Make it more challenging for the attacker
In most cases attackers have their sights set on your data; whether it’s to hold it to ransom, for espionage, for financial gain or even as currency to further a political cause. Yet all too often the security protocols around valuable data are not as strong as they could be. This is why it’s integral to lay secure foundations including tools and best practices to protect yourself.
A particularly effective way of adding security is to ensure adequate controls over who has access to what. As well as ensuring strong authentication practices including multi-factor authentication (MFA), it’s of course important to protect high privilege accounts and maintain visibility into these.
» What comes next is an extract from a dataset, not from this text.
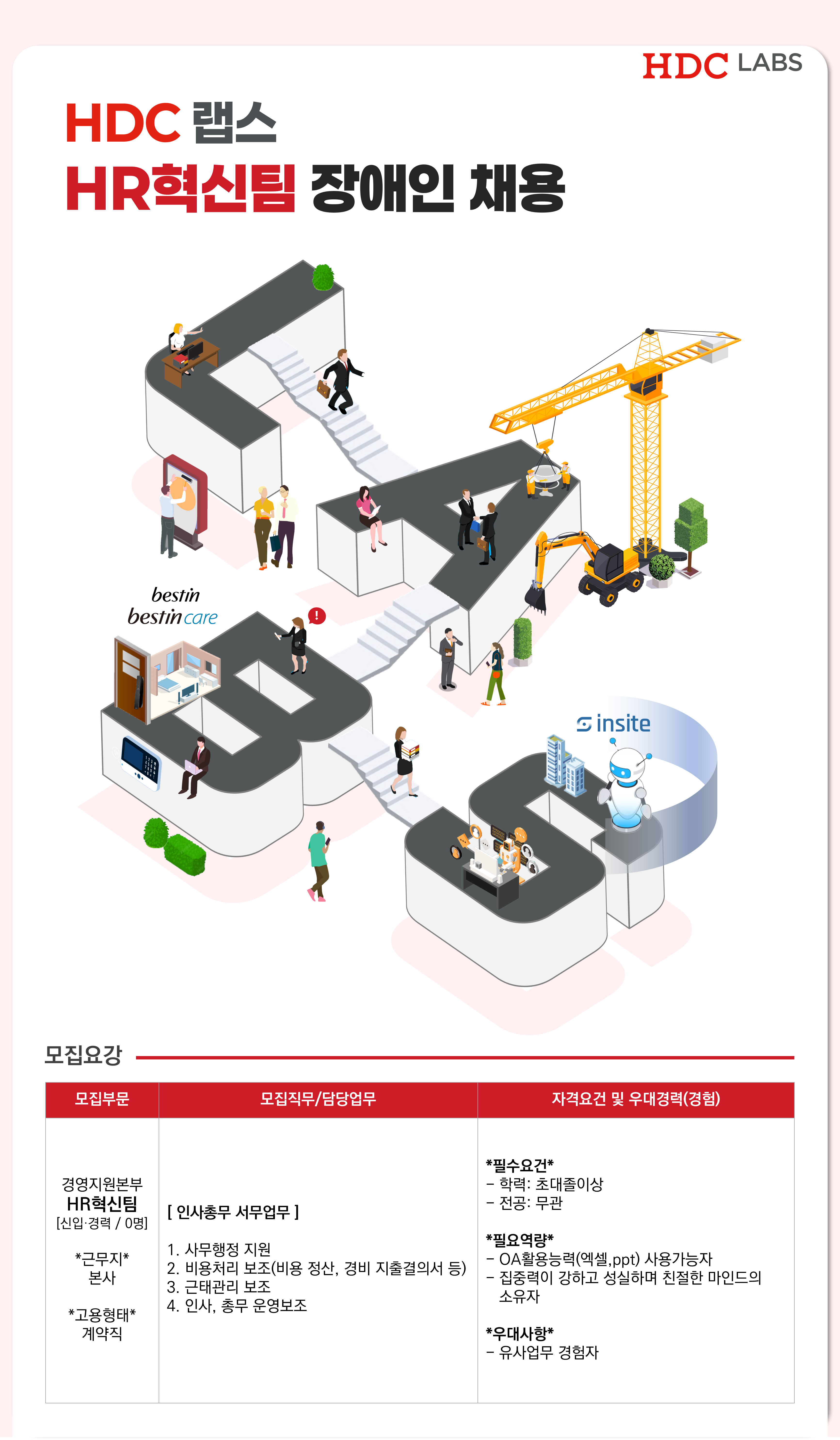 🔹 공고명 :  [HDC랩스/본사] HR혁신팀 인사총무 서무직무 장애인 채용 **(바로가기 링크: HDC랩스 채용 | [HDC랩스/본사] HR혁신팀 인사총무 서무직무 장애인 채용) 🔹 모집분야 : 인사총무 서무직무

As a matter of routine, firms need to monitor who has access, why they have access, and how they are accessing the data, making sure it looks normal for their business process.
Supply chain attacks such as SolarWinds make a strong case for adopting a zero-trust model – founded on the principle that organisations should not automatically trust anything inside or outside its perimeters – and the principle of ‘least privilege’ in which only those that absolutely need to, have access permissions to data.
SolarWinds is a warning to us all that a determined and motivated hacker can put pay to even the best defences. Be prepared for this eventuality so that, when they strike, you can not only detect their activity quickly but also prevent those data assets which are most important for your organisations from falling into the hands of the adversary.